» **Requirement**:
Return all the entries exactly, keeping pictures out.

--- Source information ---

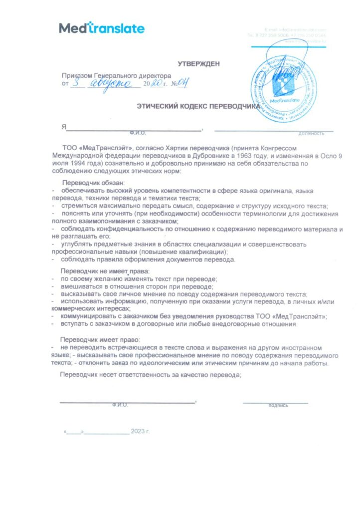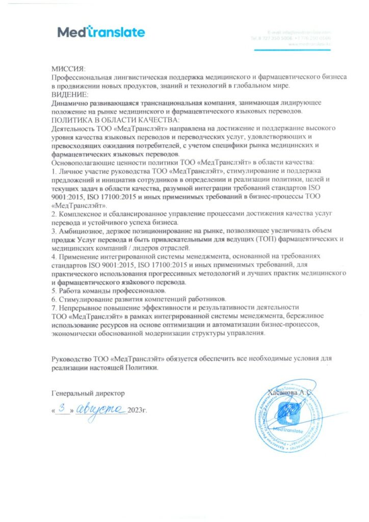 Деятельность ТОО «МедТранслэйт» направлена на достижение и поддержание высокого уровня качества медицинских переводов и переводческих услуг, удовлетворяющих и превосходящих ожидания потребителей, с учетом специфики рынка медицинских и фармацевтических переводов.
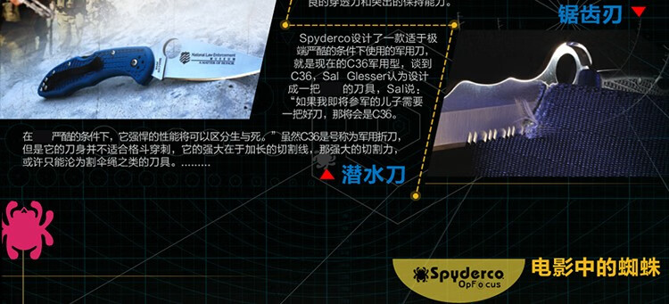 雨轩户外美国 SPYDERCO蜘蛛户外装备野营工具G10柄LC200N刃便携FB43GP直刀
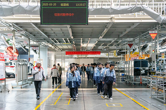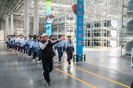 在長城汽車平湖分公司的焊裝車間和總裝車間,學生們近距離觀察了自動化生產線的高效運作。一臺臺智能機器人精準完成焊接、裝配等工序,展現了平湖整車項目“14個月建成投產”的“長城速度”。企業負責人介紹,該項目是平湖首個百億級標桿產業,主要生產哈弗品牌及新能源車型,年產達10萬輛,為長三角一體化發展注入強勁動力。
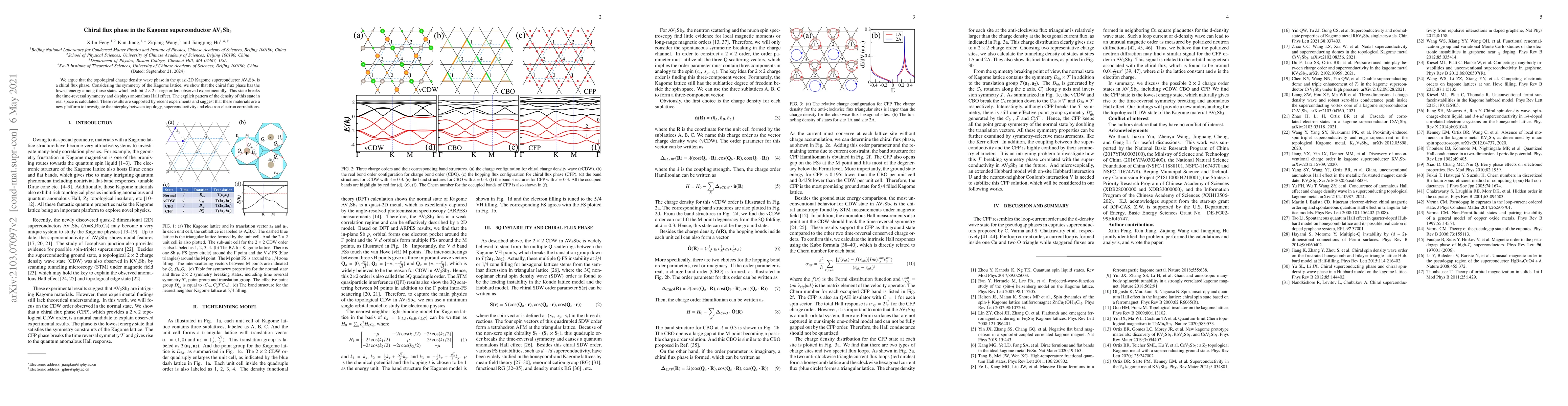 Researchers argue that a topological charge density wave phase in AV$_3$Sb$_5$, a Kagome superconductor, is a chiral flux phase with lowest energy among observed $2 imes2$ charge orders, breaking time-reversal symmetry and exhibiting anomalous Hall effect.
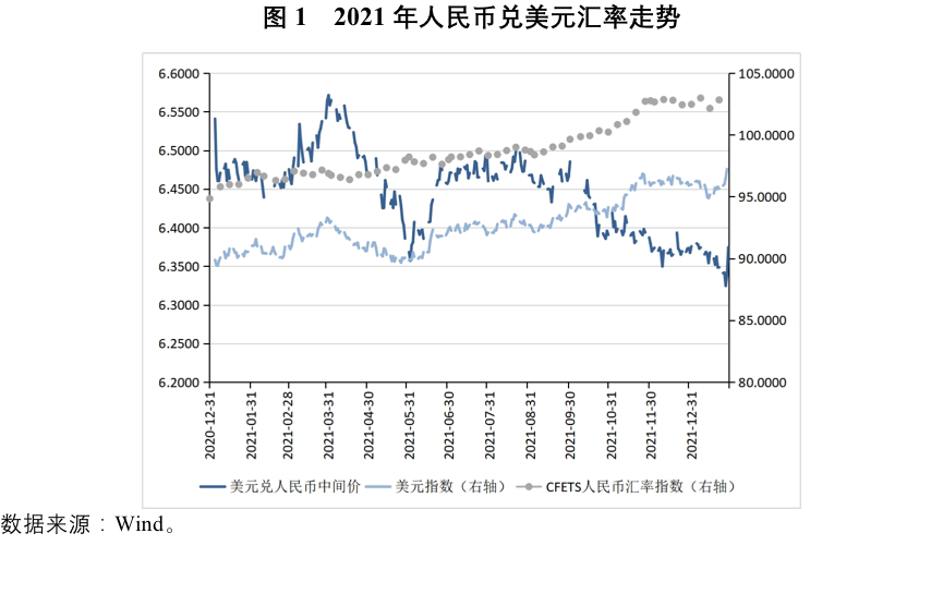 2021年人民幣匯率呈現強勢升值態勢。人民幣兌美元匯率中間價由6.5249上升至6.3757,升值了2.3%;人民幣兌CFETS貨幣籃子指數由94.84上升爲102.47,升值了8%。(圖1)。

---

» **Result**:
 Деятельность ТОО «МедТранслэйт» направлена на достижение и поддержание высокого уровня качества медицинских переводов и переводческих услуг, удовлетворяющих и превосходящих ожидания потребителей, с учетом специфики рынка медицинских и фармацевтических переводов.
 雨轩户外美国 SPYDERCO蜘蛛户外装备野营工具G10柄LC200N刃便携FB43GP直刀
 在長城汽車平湖分公司的焊裝車間和總裝車間,學生們近距離觀察了自動化生產線的高效運作。一臺臺智能機器人精準完成焊接、裝配等工序,展現了平湖整車項目“14個月建成投產”的“長城速度”。企業負責人介紹,該項目是平湖首個百億級標桿產業,主要生產哈弗品牌及新能源車型,年產達10萬輛,為長三角一體化發展注入強勁動力。
 Researchers argue that a topological charge density wave phase in AV$_3$Sb$_5$, a Kagome superconductor, is a chiral flux phase with lowest energy among observed $2 imes2$ charge orders, breaking time-reversal symmetry and exhibiting anomalous Hall effect.
 2021年人民幣匯率呈現強勢升值態勢。人民幣兌美元匯率中間價由6.5249上升至6.3757,升值了2.3%;人民幣兌CFETS貨幣籃子指數由94.84上升爲102.47,升值了8%。(圖1)。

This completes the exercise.